In 1933, Runyon began an 11-year stint as lead flute player with the Chicago Theater Orchestra. and on Saturday nights, he played The Coliseum, a speakeasy owned by the infamous gangland legend, "Scarface" Al Capone. At the Chicago Theater, he worked with Bob Hope, Bing Crosby, Edgar Bergen, Betty Grable and other show business notables. He even did a running comedy bit with Jack Benny. Between radio, clubs, and the theater, Runyon weathered the Great Depression pretty well, earning $150 a week while many men were taking home $8 or $9 a week.

== Teaching ==
Santy Runyon and Frank Anglund, lead trumpet with the Chicago Theater Orchestra, opened the Runyon Studio. It became an important institution in propagating recent advances in saxophone technique and served as something of a "finishing school" for professional musicians. Through its doors passed such jazz legends as Charlie "Bird" Parker, Paul Desmond, Harry Carney, Lee Konitz, and Sonny Stitt. Runyon had students in most of the big bands of the era, including those of Benny Goodman, Count Basie, Cab Calloway, and Duke Ellington. When Lawrence Welk began his long-running television show, five of his saxophone players were Runyon alumni.

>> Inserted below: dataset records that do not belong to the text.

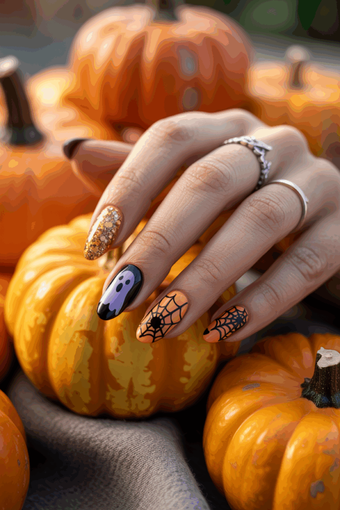 This design combines spider images with detailed web patterns. It offers a classic Halloween look that works on both short and long nails. The contrast between dark and light colors helps the web and spider stand out clearly. Adding small glitter details can enhance the design without overwhelming it.
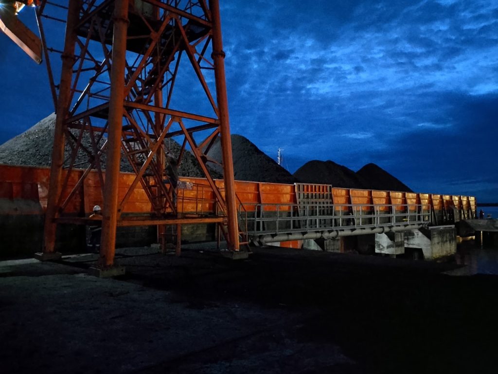 Proses bongkar muat batu bara di pelabuhan dilakukan dengan standar tinggi untuk efisiensi.
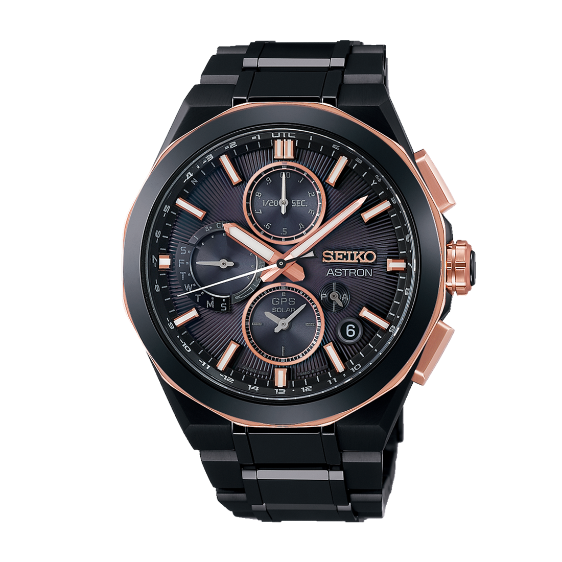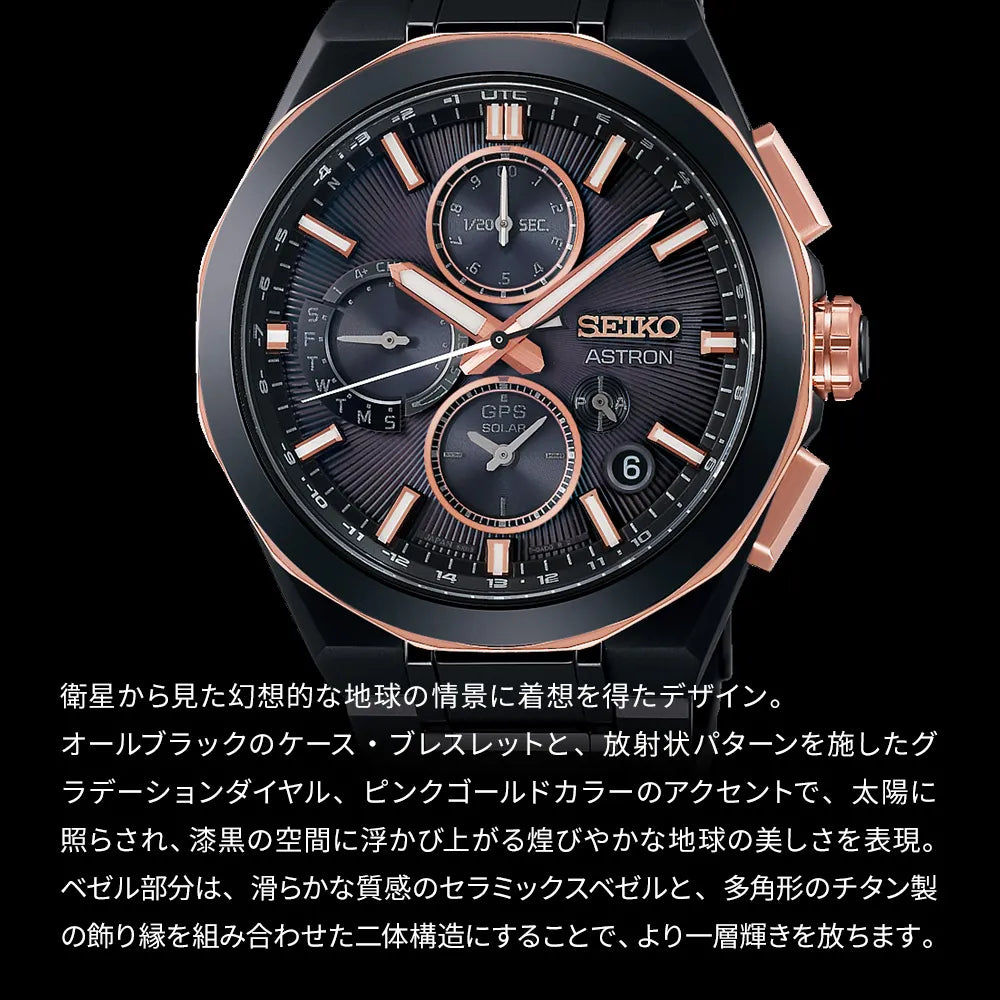 本作のデザインは、衛星から見た幻想的な地球の情景に着想を得ています。オールブラックのケース・ブレスレットと、放射状パターンを施したグラデーションダイヤル、ピンクゴールドカラーのアクセントで、太陽に照らされ、漆黒の空間に浮かび上がる煌びやかな地球の美しさを表現しました。ベゼル部分は、滑らかな質感のセラミックスベゼルと、多角形のチタン製の飾り縁を組み合わせた二体構造にすることで、より一層輝きを放つデザインとなっています。

== Mouthpiece and instrument designer and builder ==
In 1941 Runyon sold his first mouthpiece, a variation of a 1918 curved device he had fabricated with chewing gum. He made a metal saxophone mouthpiece for an Army band member, which resulted in an order for thousands of mouthpieces. A manufacturer refused the order and he began manufacturing mouthpieces in Chicago. Runyon's metal mouthpiece was sought for its exceptional dynamic range and projection, suitable for playing in big show bands. In the 1940s he was a consultant for the C G Conn company as they sought to build a more modern alto saxophone, released as the 28M "Connstellation" in 1948. Concurrently, he developed and produced the Conn Comet plastic mouthpiece to go with the 28M, and later produced the design under his own name as the Model 88. He was an early collaborator with Arnold Brilhart, a pioneer in manufacture of molded plastic mouthpieces. Not content with the acrylic and ABS plastics and hard rubber stock commonly in use for non-metallic pieces, he optimized an acrylic/synthetic rubber blend for resilience, shape stability, and durability. After 1966 Runyon produced the Brilhart line of mouthpieces under contract to the H&A Selmer Company, who had acquired rights to the brand. He also continued to develop and produce mouthpieces for saxophone players who wanted something suitable for playing alongside loud, amplified instruments. From this period came the Runyon Custom model mouthpiece, available with a removable "spoiler," or baffle, that altered tonal and dynamic characteristics, the Quantum, and the Bionix, engineered for ease of playing in the altissimo register. During this period he pioneered the use of Delrin which, due to its high rigidity and machinability, is suitable for dimensional copies of metal mouthpieces (XL and Quantum). Runyon moved to Beaumont, Texas in 1960 and to Lafayette, Louisiana in 1970, opening a manufacturing facility on Lewisburg Road in Opelousas. Starting in 1999, Jody Espina collaborated with Runyon and his production staff to develop the mouthpiece designs and prototypes that would launch the Jody Jazz line of high-end mouthpieces. After Santy's death in 2003, the Runyon Products Company continued to operate as a family-owned business until it shut down in the late 2010s (around 2019).